A message from your state peak

It's busy times for the community housing sector in Victoria with the implications of the government's Homes for Victorian's strategy still being clarified and tweaked. We will be holding a briefing for registered housing organisations next week on the progress of the management transfer initiative, which will be used to transfer the management of 4,000 public housing properties to community housing organisations. 

This week CHFV held a well-attended forum for members to learn about the proposed allocations framework that organisations will need to agree to use if they wish to opt in to the Victorian Housing Register. The framework is open for consultation for the next three weeks and we encourage members to take the time to make a submission.

In the meantime, an inquiry is underway into the government's public housing estate renewal program - raising concerns that public housing tenants will be forced to continue to live in housing that is well-past its used-by date.

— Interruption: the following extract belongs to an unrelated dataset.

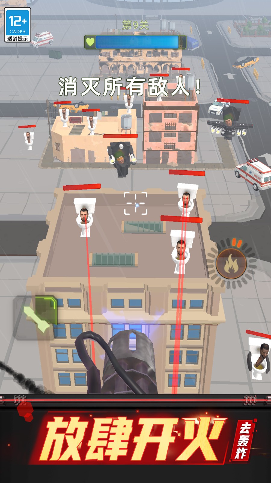 1. 一群滑稽的马桶人突然出现在基地周围,你的任务是将他们消灭,维护基地的和平。

Our training program continues to be packed with industry-tailored training to meet demand from a sector hungry to increase its capacity.

Finally, we are faced with the difficult task of finding a suitable replacement for our incredibly talented Steve Staikos in his Policy and Projects position. Do spread the word.

Lesley Dredge


Allocations Framework - the missing piece

The development of the Victorian Housing Register has been proceeding well but it has been missing a vital piece of enabling policy. The community housing allocations framework was finally released in late August for a three-week consultation period. DHHS and CHFV ran a forum for community housing organisations on Monday to work through the key elements of the framework.

At face value, the policy may seem straightforward but its various layers provide for a fundamental and complex change to business practices for the sector.

CHFV, and each community housing organisation, will be analysing the implications of this policy reform on their mission, their business model and viability, and will be providing feedback to DHHS by 15 September.

If you are interested in reading more about the framework all papers can be downloaded here.


Management Transfer Initiative briefing

In March 2017, the Victorian Government released Homes for Victorians, outlining a coordinated approach across government to improve liveability, housing affordability and support for disadvantaged Victorians.  

Included in Homes for Victorians was the Director of Housing’s decision to transfer management of 4,000 public housing properties to the community housing sector to increase its capacity.

Jackie Barry, Director Housing Asset Strategy and Financing, invites community housing organisations to attend a meeting where she will provide an update on the progress of the Management Transfer Initiative, including:
•             the projects’ strategic framework
•             project objectives
•             property selection principles
•             project phases.

The briefing will be held:
Friday, September 15
2pm to 4pm
1/128 Exhibition St, Melbourne
Seats are limited to registered community housing organisations who are asked to send a maximum of two representatives. Register by emailing This email address is being protected from spambots. You need JavaScript enabled to view it.


Inquiry into housing renewal

Over the last few weeks there has been increasing debate about the State Government’s plans to redevelop eight or nine of Melbourne’s rundown public housing estates.

Most recently, the Legislative Council provided a reference to the Standing Committee on Legal and Social Issues to hold an inquiry into renewal program. You can read the detailed terms of reference of the inquiry here. The proposed increase in public housing units of at least 10 per cent; the impact on the existing tenants; the mix of public and private units; and, the density and loss of public space are amongst many items listed.

Scrutiny of the program is not necessarily a bad thing. However, the danger is that the program could be delayed or derailed.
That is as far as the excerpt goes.